The EG-301 program exemplifies Evergreen Therapeutics’ reverse translational medicine model for AI-enabled indication discovery.Under the reverse translational medicine framework, the program employs two key strategies:
- Integration of clinical and genomic phenotypic data with differential gene expression profiling in human ocular tissues, combined with AI-enabled Phenome-Wide Association Study (PheWAS) and pathway analysis, to identify lipid metabolism dysregulation as a core pathogenic driver.
- Divergence from conventional approaches by progressing from human epidemiological studies and tissue analyses to preclinical validation.
Clinical Progress
Evergreen Therapeutics announced on February 4, 2022, that the U.S. FDA approved the Investigational New Drug (IND) application for EG-301, an oral therapeutic for the treatment of dry age-related macular degeneration. This clearance initiated the Phase II clinical trial.
Leveraging the company’s AI platform, EG-301’s trial design was optimized through:
- Integration of sensitive functional endpoints (e.g., BCVA) for early efficacy detection
- Implementation of enhanced patient retention protocols
These measures aim to reduce costs, improve trial efficiency, and ensure data integrity to accelerate clinical development.
No therapies are currently approved for the treatment of dry AMD. Evergreen Therapeutics’ program is among the most advanced clinical-stage development efforts for this indication globally.
The EG-101 program
EG-101 is an investigational injectable therapeutic developed for preeclampsia. It addresses the unmet clinical need for this life-threatening pregnancy-specific disorder, offering a novel therapeutic strategy to improve maternal and perinatal outcomes while demonstrating the value of precision intervention for complex gestational conditions.

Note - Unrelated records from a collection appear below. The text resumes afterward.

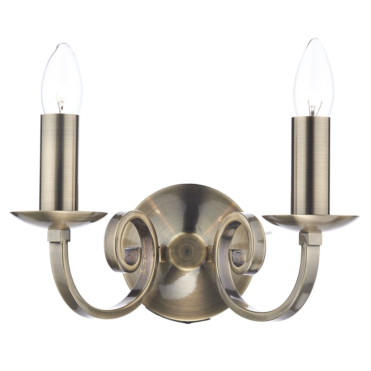 A classic double wall light, traditional in design and finished in an antique brass. Accesorise with candle shades or leave bulbs exposed for the perfect lighting in your home.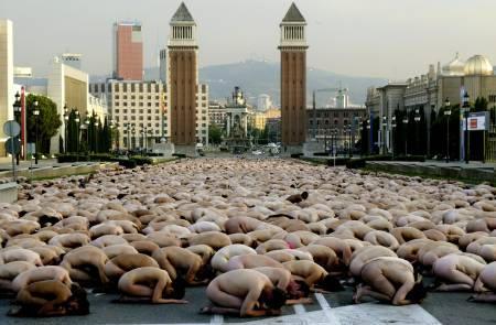 | Tunick photographie une foule nue de 7.000 personnes à Barcelone | |
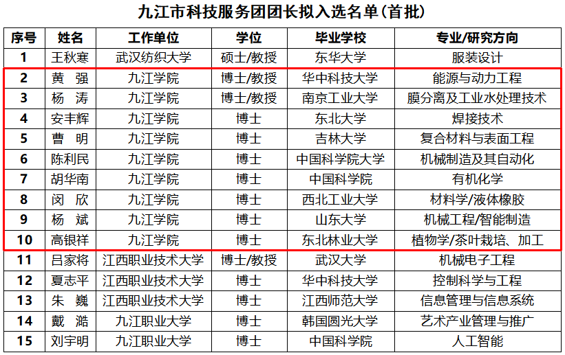 九江市科技服务团卓越行动由市委人才办支持政策和经费,市科协牵头实施,永利yl23411集团官网创新创业学院和市发明学会具体推进,旨在以我市制造业“9610”工程为重点,将乡村振兴、农旅融合纳入扩大了服务范围,以工博士为主体,将理、农、医等领域博士吸纳充实了人才队伍,实现“队伍扩充、对象扩能、服务扩容、成效扩展”,充分利用驻市高校本土博士人才,引入省外高校高端人才资源,组建校企联合创新团队,全面升级打造九江市科技博士服务团卓越行动。卓越行动包括制定卓越计划、组建卓越团队、推进卓越实践和追求卓越价值四部曲,从2025年起到2027年分三批进行,重点围绕我市制造业“9610”工程,每年(批)遴选组建15个服务团,共45个科技服务团结对帮扶45家重点企业,开展技术攻关、成果转化、人才培养,助力企业产业转型升级,从而促进九江市重点产业链创新发展。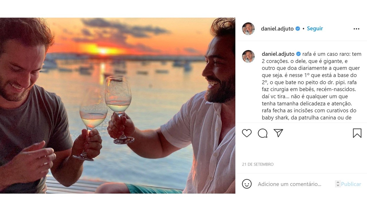Daniel Adjuto falou pela primeira vez publicamente sobre a sexualidade, ao anunciar que namora com o médico Rafael Rocha.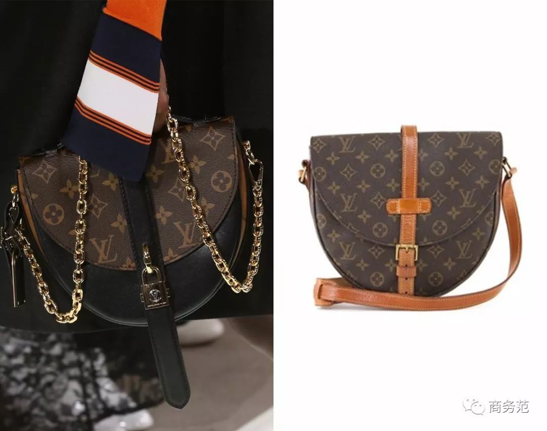 2018新品又出了许多老花包,但范主发现,不少包型也在致敬过去。(左边是秀场新款,右边是几十年前的旧款)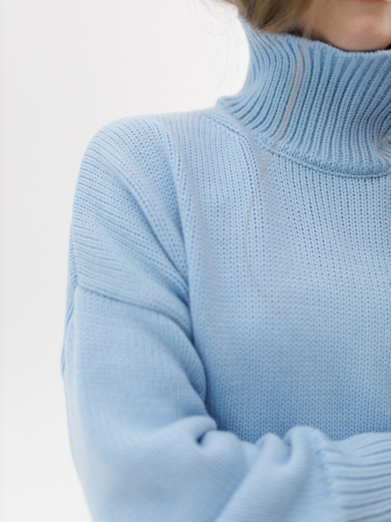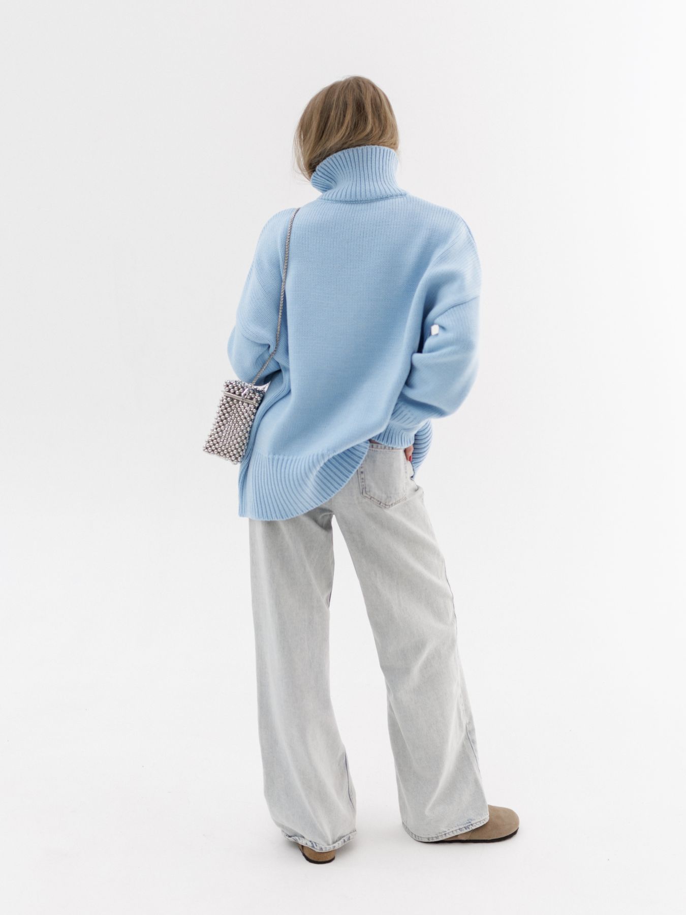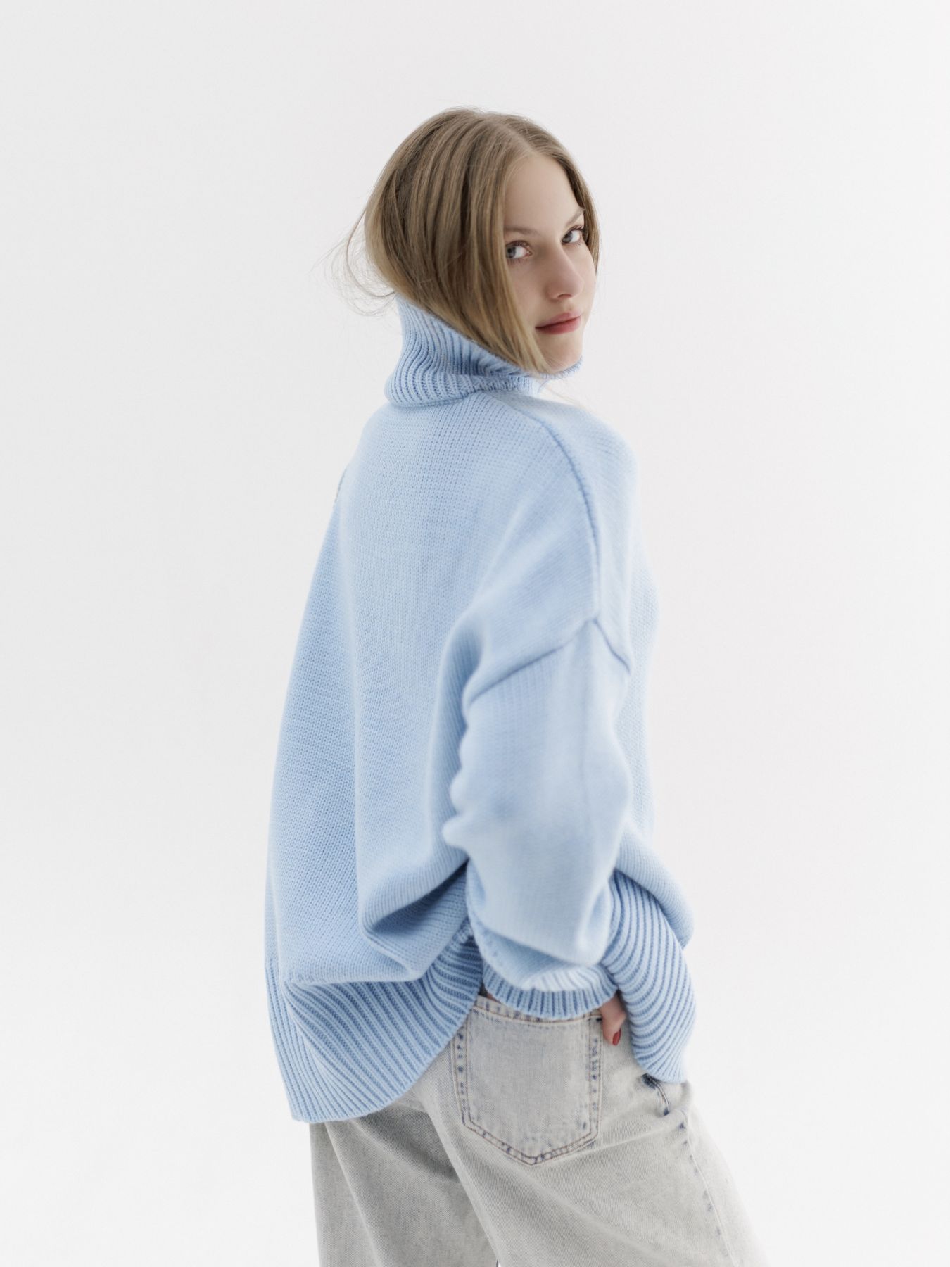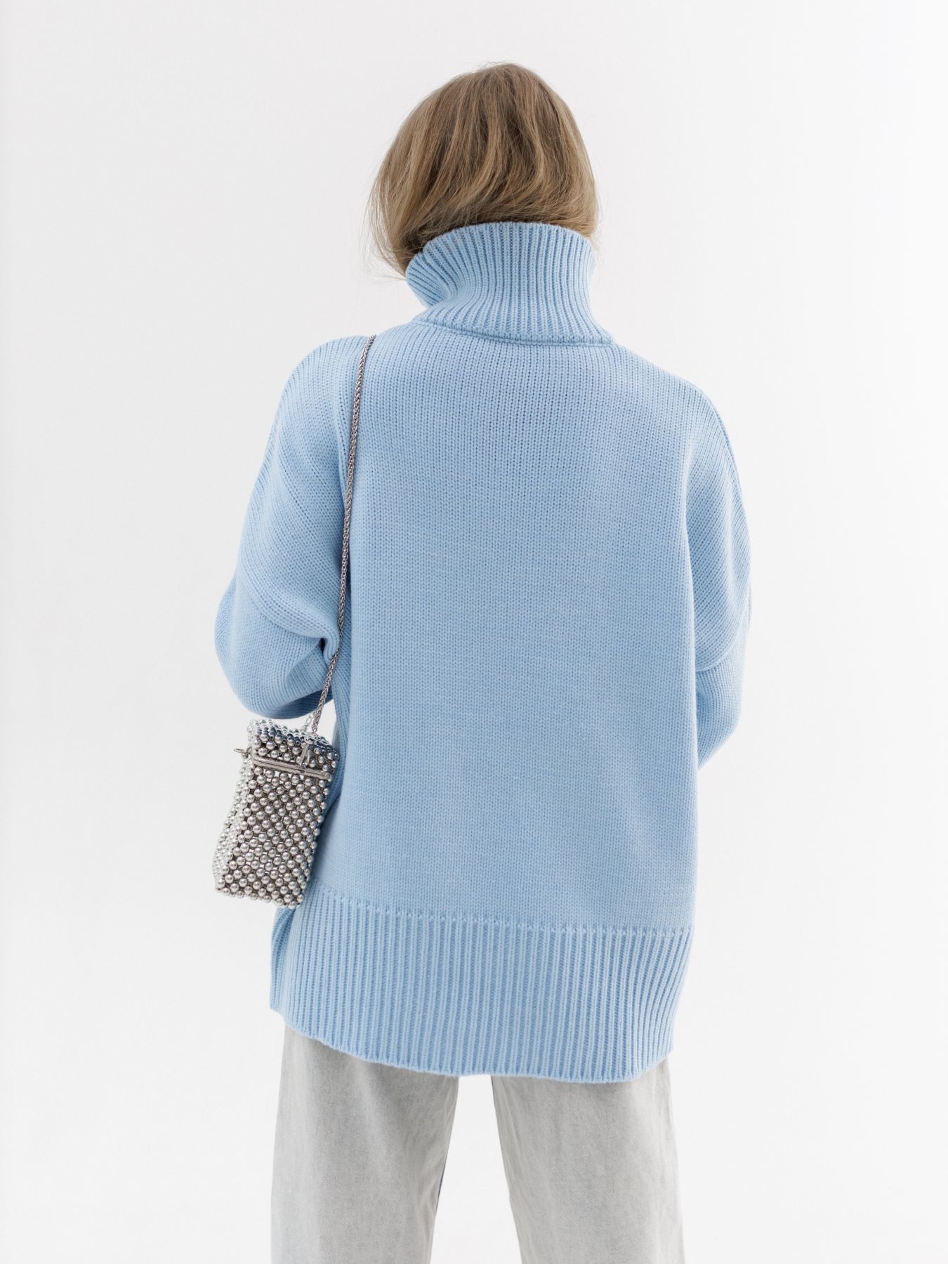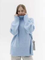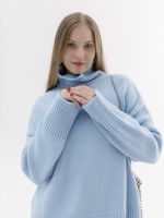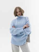 Шерстяной свитер однотонный голубого цвета оверсайз кроя с широкой стойкой.

Preeclampsia is a serious obstetrical complication affecting 3–5% of pregnancies worldwide and represents a leading cause of maternal mortality and perinatal morbidity. Its hallmark features include new-onset hypertension and proteinuria, frequently accompanied by multisystem organ dysfunction—particularly hepatic and renal impairment. The condition’s complex etiology remains incompletely defined, with evidence suggesting vascular endothelial dysfunction contributes to its pathogenesis. Currently, no approved disease-modifying therapies exist for preeclampsia treatment or prevention, creating a substantial therapeutic gap.
In preclinical studies, EG-101 demonstrated therapeutic efficacy in preeclampsia models:
- Significant improvement in hypertension
- Substantial reduction in proteinuria
These effects target the disorder’s core pathophysiological features, providing a foundation for clinical development and a potential therapeutic solution for this unmet medical need.
Clinical Progress
In April 2025, the U.S. FDA authorized Evergreen Therapeutics’ Investigational New Drug (IND) application for EG-101, permitting initiation of clinical trials.